If $f:[0,1] \rightarrow \mathbb{R}$ is continuous then it is uniformly continuous

Question

I do have a general proof for this problem. That is if there is a continuous function on a compact interval then the function is uniformly continuous.
But I'm wondering whether there is a different (more simpler one) for this particular domain.

Answer 1

Wether there is a different or a simpler proof is not the same question. You can find proof for any closed interval of $\mathbb{R}$ that do not explicitly call compactness ( an example is to be found in Michael Spivak's textbook Calculus, as @MathematicsStudent1122 stated in his comment, see page 142 of https://notendur.hi.is/mbh6/html/_downloads/Calculus%20-%20Michael%20Spivak.pdf). But all these proofs are based on the ability to explicitly exhibit a finite open cover for intervals of $\mathbb{R}$, which in the end, is just as strong as calling compactness.
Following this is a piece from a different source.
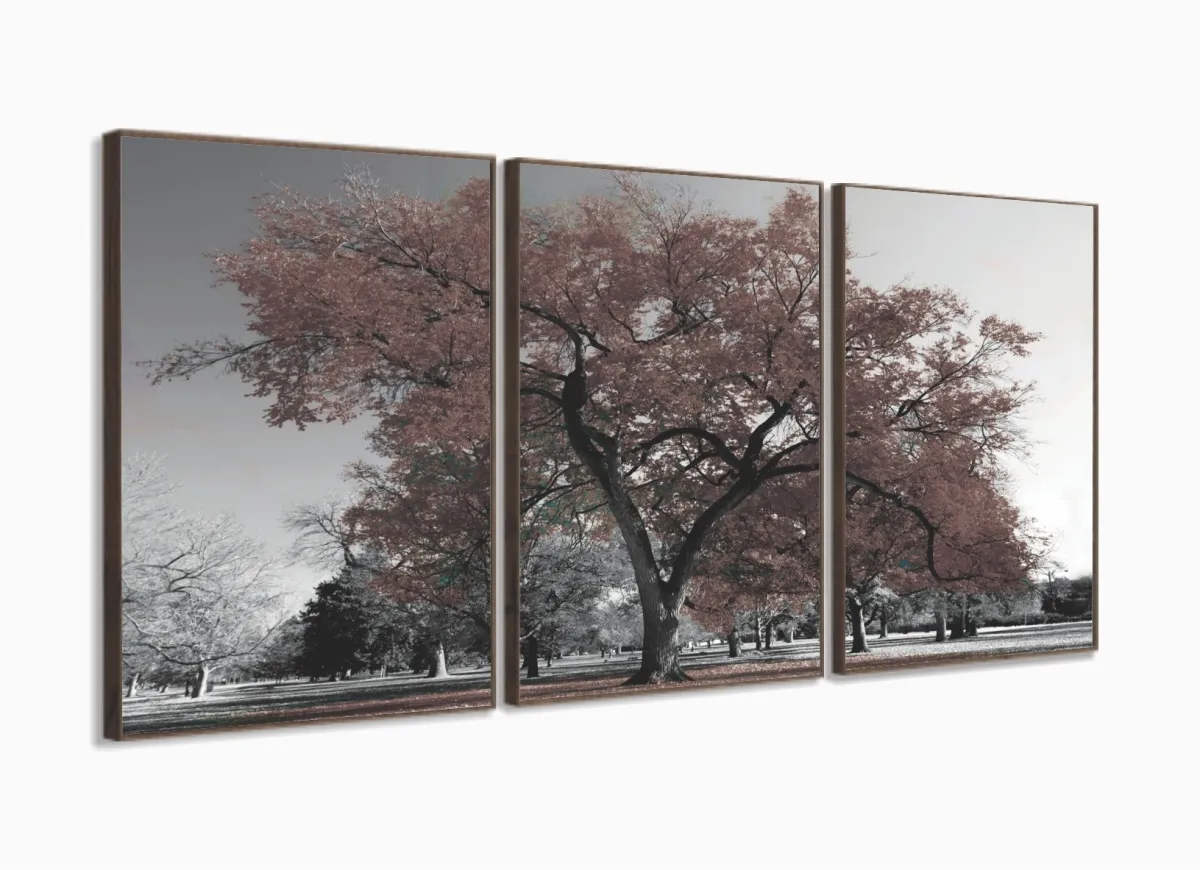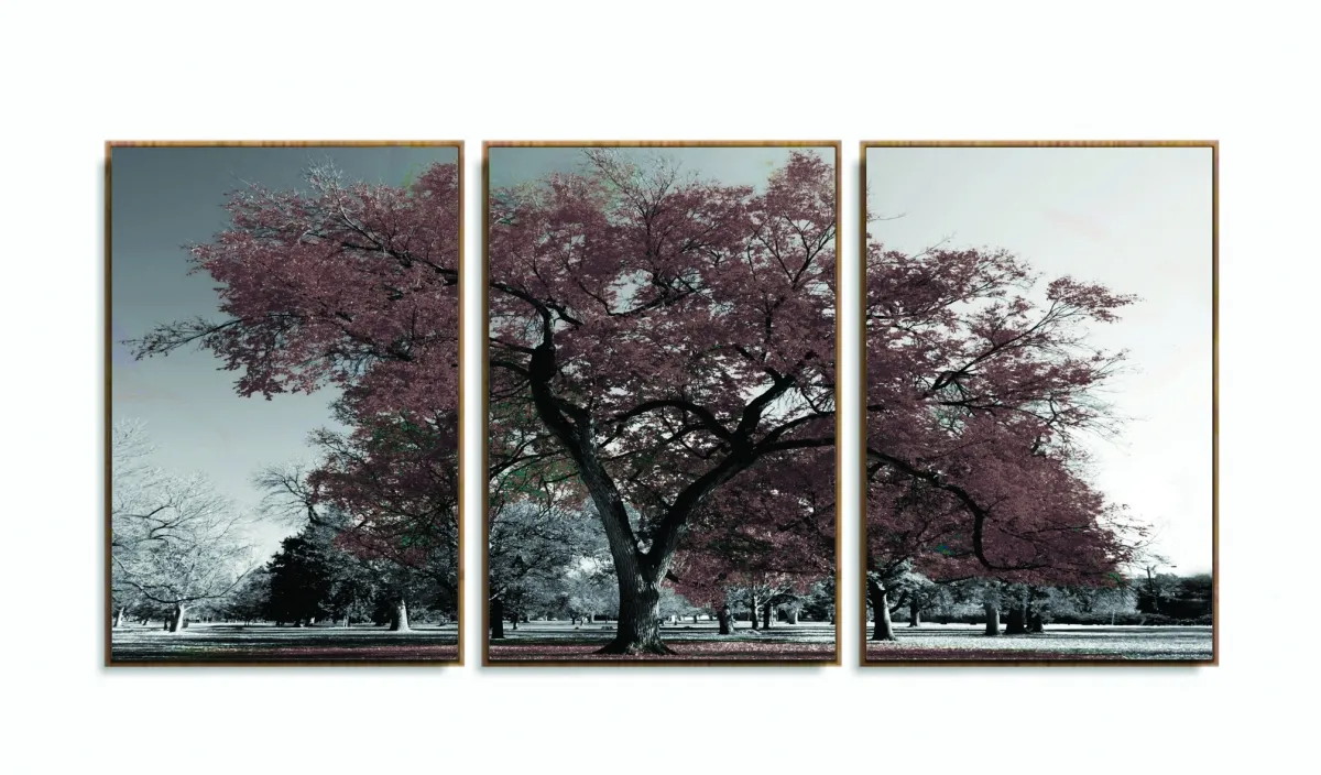 Quadros Decorativos Arvore Paisagem Sala Quarto 120x60 com moldura filete

If f is differentiable, then the mean-value theorem will definitely give you a shortcut, but once again, the ability to find an upper bound for the derivative will be based on the compactness of $[0,1]$, wether explicitly or implicitly.

As to know if the above proofs will be simpler, there are some cases in mathematics (more frequent than you would think) where getting more general makes simpler proof. I reckon this is one of these cases. What we can say however, is that not calling explicitly compactness is gonna use less advanced knowledge with regard with a basic cursus in mathematics.